■ **About this exercise**
The listing below must be returned in full and unchanged, without the images it carries.

■ **Given records**
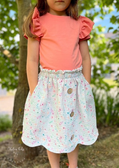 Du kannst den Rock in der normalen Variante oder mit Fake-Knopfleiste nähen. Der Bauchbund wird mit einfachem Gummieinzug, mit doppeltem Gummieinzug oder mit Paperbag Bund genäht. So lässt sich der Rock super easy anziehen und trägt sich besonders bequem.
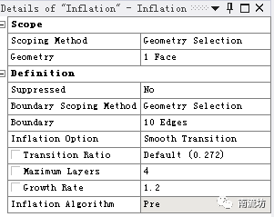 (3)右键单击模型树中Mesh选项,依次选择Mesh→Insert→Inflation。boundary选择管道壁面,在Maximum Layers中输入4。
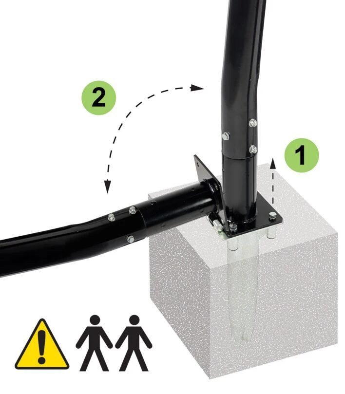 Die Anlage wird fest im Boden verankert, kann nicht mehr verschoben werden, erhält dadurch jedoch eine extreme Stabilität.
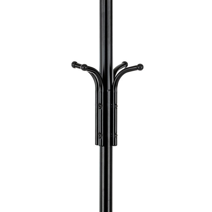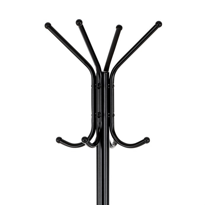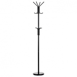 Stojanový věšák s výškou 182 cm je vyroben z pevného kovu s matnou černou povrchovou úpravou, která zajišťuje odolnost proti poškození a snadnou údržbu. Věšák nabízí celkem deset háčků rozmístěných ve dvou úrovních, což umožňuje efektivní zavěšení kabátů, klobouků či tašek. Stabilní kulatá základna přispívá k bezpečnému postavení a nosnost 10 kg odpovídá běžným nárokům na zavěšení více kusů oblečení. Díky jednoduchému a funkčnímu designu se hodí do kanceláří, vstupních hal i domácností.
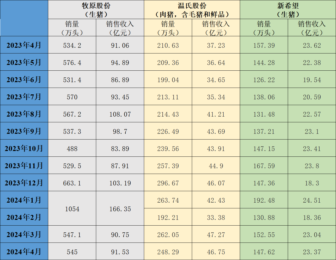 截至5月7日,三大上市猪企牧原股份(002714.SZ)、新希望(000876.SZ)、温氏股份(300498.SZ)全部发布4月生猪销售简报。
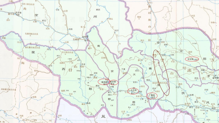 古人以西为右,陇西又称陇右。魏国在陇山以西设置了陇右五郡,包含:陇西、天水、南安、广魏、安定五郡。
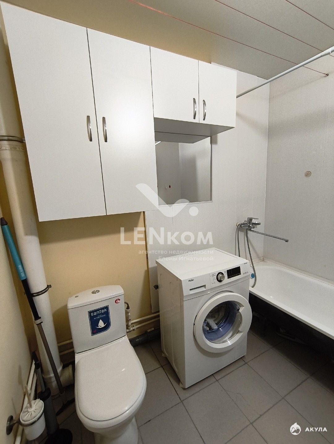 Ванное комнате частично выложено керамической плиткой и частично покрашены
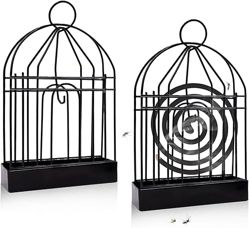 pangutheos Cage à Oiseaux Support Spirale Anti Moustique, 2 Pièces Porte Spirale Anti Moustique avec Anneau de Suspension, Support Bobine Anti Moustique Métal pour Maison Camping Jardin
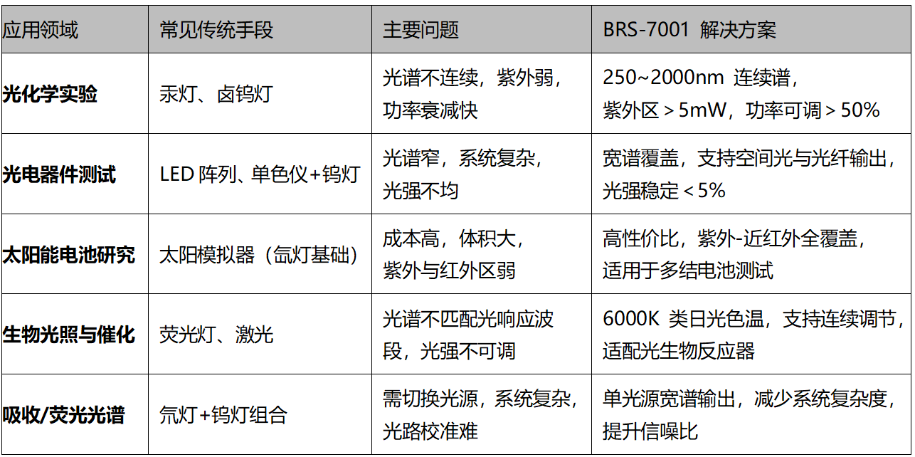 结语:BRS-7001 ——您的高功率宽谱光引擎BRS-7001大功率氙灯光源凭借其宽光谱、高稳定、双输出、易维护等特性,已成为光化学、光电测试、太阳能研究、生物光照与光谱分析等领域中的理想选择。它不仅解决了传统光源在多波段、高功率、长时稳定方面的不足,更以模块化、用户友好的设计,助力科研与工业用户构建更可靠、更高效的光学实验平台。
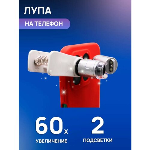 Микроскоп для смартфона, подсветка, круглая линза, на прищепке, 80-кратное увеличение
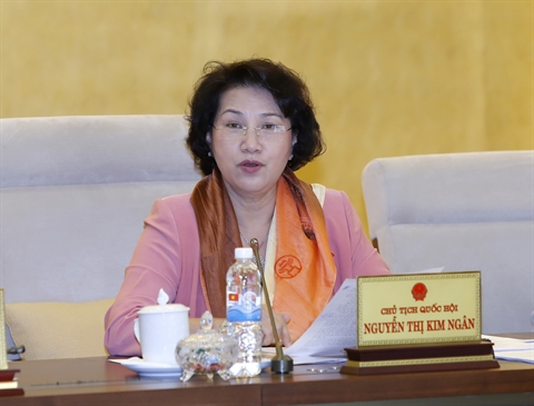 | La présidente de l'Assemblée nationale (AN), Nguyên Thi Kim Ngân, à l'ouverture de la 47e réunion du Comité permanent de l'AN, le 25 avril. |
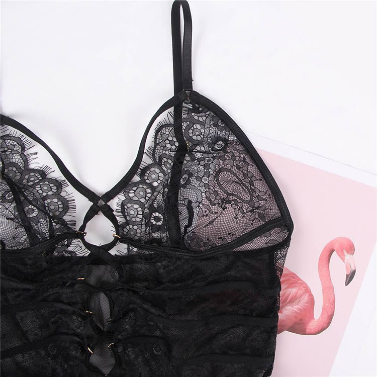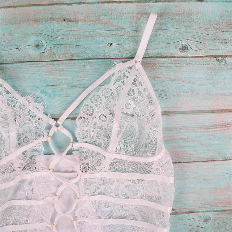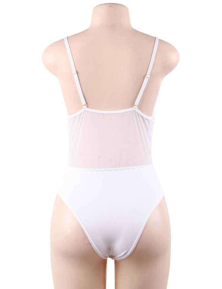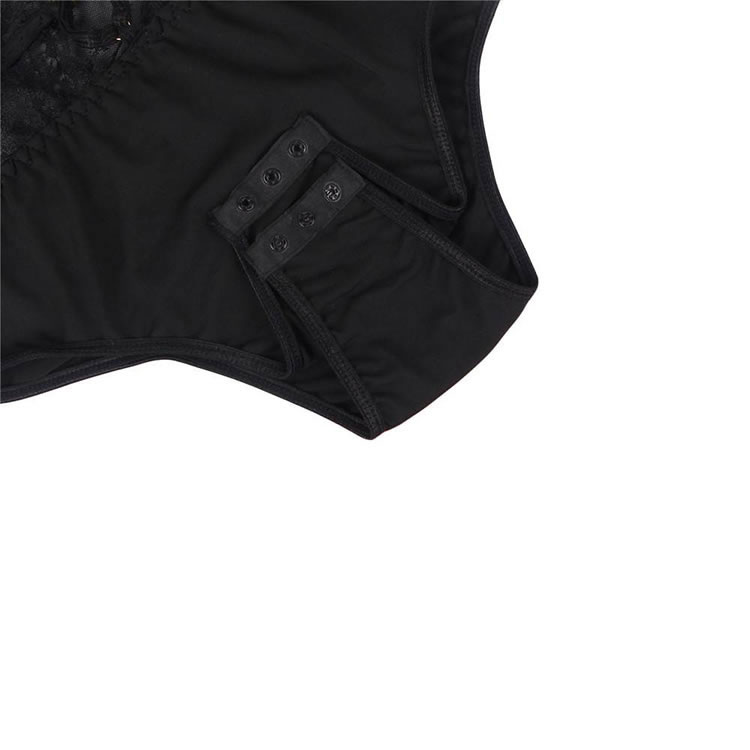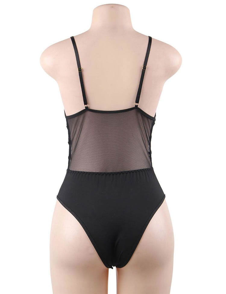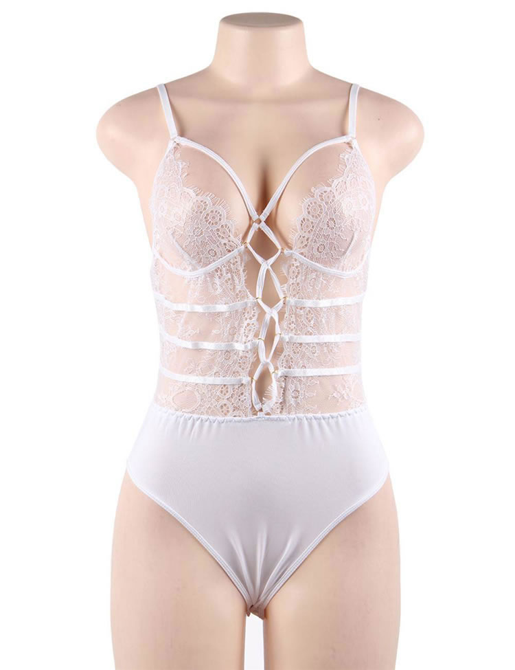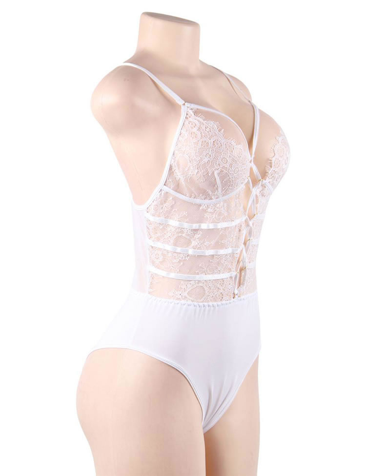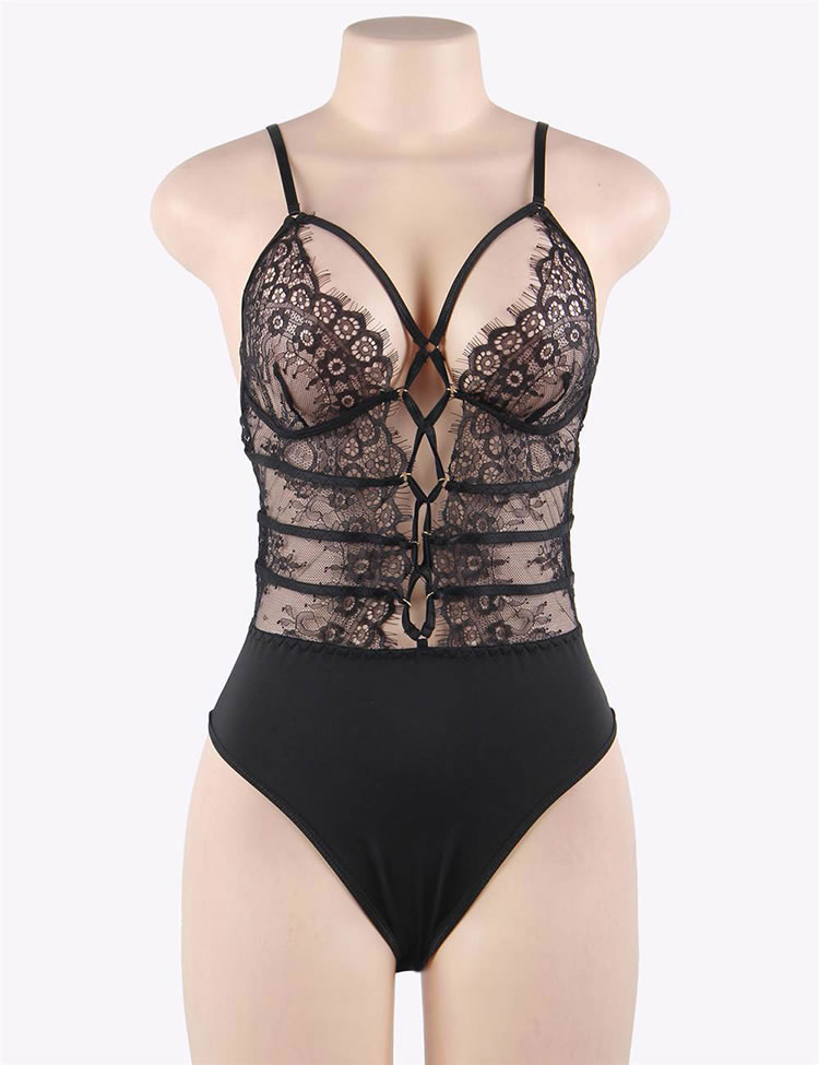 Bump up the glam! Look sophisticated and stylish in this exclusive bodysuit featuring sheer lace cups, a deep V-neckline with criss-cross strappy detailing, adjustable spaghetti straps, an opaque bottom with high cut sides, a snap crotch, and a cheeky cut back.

■ **Response to the exercise**
 Du kannst den Rock in der normalen Variante oder mit Fake-Knopfleiste nähen. Der Bauchbund wird mit einfachem Gummieinzug, mit doppeltem Gummieinzug oder mit Paperbag Bund genäht. So lässt sich der Rock super easy anziehen und trägt sich besonders bequem.
 (3)右键单击模型树中Mesh选项,依次选择Mesh→Insert→Inflation。boundary选择管道壁面,在Maximum Layers中输入4。
 Die Anlage wird fest im Boden verankert, kann nicht mehr verschoben werden, erhält dadurch jedoch eine extreme Stabilität.
 Stojanový věšák s výškou 182 cm je vyroben z pevného kovu s matnou černou povrchovou úpravou, která zajišťuje odolnost proti poškození a snadnou údržbu. Věšák nabízí celkem deset háčků rozmístěných ve dvou úrovních, což umožňuje efektivní zavěšení kabátů, klobouků či tašek. Stabilní kulatá základna přispívá k bezpečnému postavení a nosnost 10 kg odpovídá běžným nárokům na zavěšení více kusů oblečení. Díky jednoduchému a funkčnímu designu se hodí do kanceláří, vstupních hal i domácností.
 截至5月7日,三大上市猪企牧原股份(002714.SZ)、新希望(000876.SZ)、温氏股份(300498.SZ)全部发布4月生猪销售简报。
 古人以西为右,陇西又称陇右。魏国在陇山以西设置了陇右五郡,包含:陇西、天水、南安、广魏、安定五郡。
 Ванное комнате частично выложено керамической плиткой и частично покрашены
 pangutheos Cage à Oiseaux Support Spirale Anti Moustique, 2 Pièces Porte Spirale Anti Moustique avec Anneau de Suspension, Support Bobine Anti Moustique Métal pour Maison Camping Jardin
 结语:BRS-7001 ——您的高功率宽谱光引擎BRS-7001大功率氙灯光源凭借其宽光谱、高稳定、双输出、易维护等特性,已成为光化学、光电测试、太阳能研究、生物光照与光谱分析等领域中的理想选择。它不仅解决了传统光源在多波段、高功率、长时稳定方面的不足,更以模块化、用户友好的设计,助力科研与工业用户构建更可靠、更高效的光学实验平台。
 Микроскоп для смартфона, подсветка, круглая линза, на прищепке, 80-кратное увеличение
 | La présidente de l'Assemblée nationale (AN), Nguyên Thi Kim Ngân, à l'ouverture de la 47e réunion du Comité permanent de l'AN, le 25 avril. |
 Bump up the glam! Look sophisticated and stylish in this exclusive bodysuit featuring sheer lace cups, a deep V-neckline with criss-cross strappy detailing, adjustable spaghetti straps, an opaque bottom with high cut sides, a snap crotch, and a cheeky cut back.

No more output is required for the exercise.